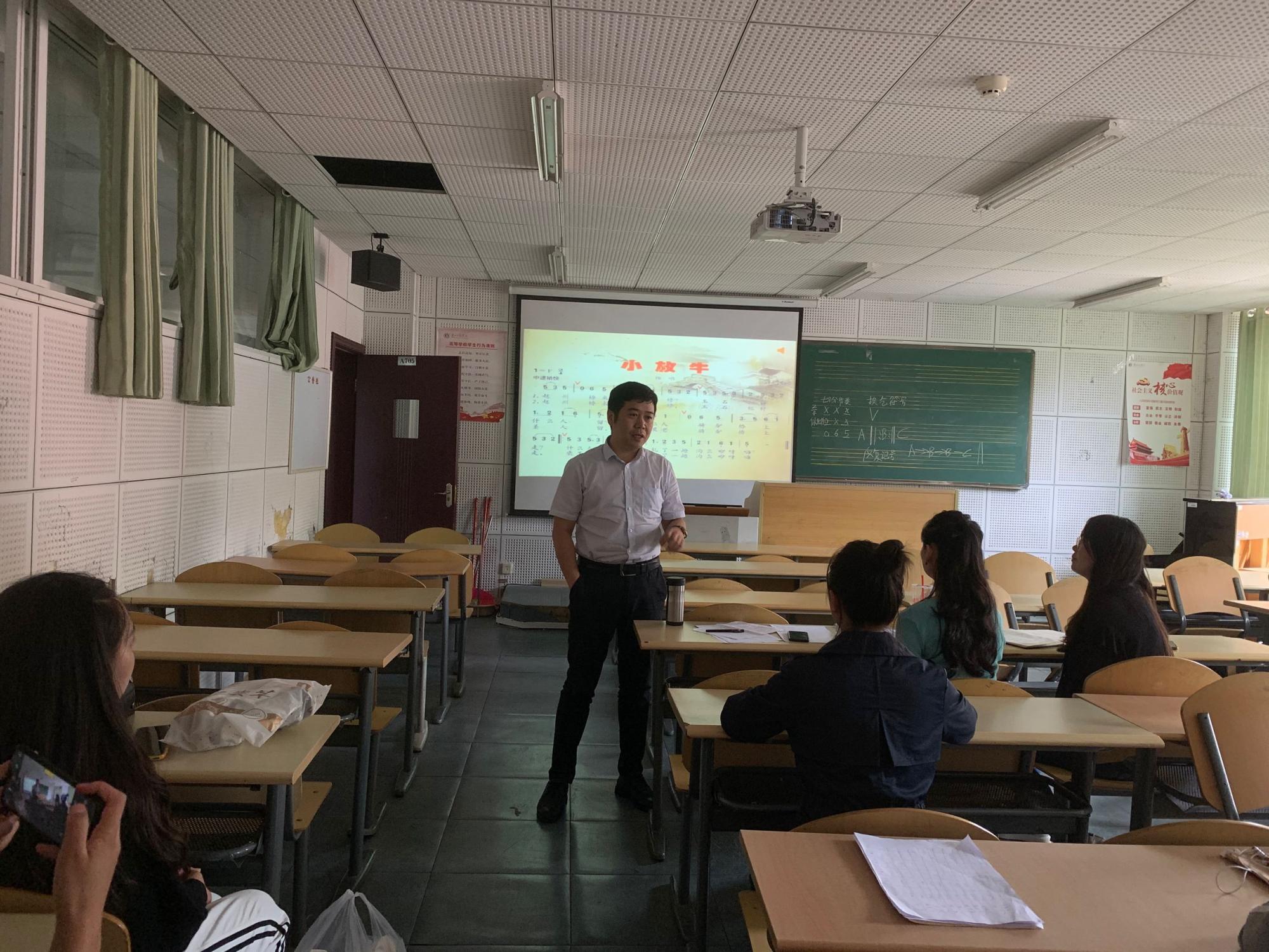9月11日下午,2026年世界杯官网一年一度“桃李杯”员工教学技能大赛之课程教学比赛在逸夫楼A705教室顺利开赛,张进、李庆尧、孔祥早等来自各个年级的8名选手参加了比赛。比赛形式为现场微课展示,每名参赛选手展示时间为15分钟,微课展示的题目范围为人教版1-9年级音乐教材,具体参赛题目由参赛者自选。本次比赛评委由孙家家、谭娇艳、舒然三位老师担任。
* * *
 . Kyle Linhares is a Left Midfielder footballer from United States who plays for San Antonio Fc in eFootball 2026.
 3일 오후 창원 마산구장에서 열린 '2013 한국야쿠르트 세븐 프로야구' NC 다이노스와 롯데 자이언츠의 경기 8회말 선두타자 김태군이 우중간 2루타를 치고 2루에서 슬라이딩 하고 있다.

Brief: Above are some lines. Repeat exactly, and only, those from the line that has "in eFootball 2026." through the line that has "3일 오후 창원 마산구장에서".

Written reply:
 . Kyle Linhares is a Left Midfielder footballer from United States who plays for San Antonio Fc in eFootball 2026.
 3일 오후 창원 마산구장에서 열린 '2013 한국야쿠르트 세븐 프로야구' NC 다이노스와 롯데 자이언츠의 경기 8회말 선두타자 김태군이 우중간 2루타를 치고 2루에서 슬라이딩 하고 있다.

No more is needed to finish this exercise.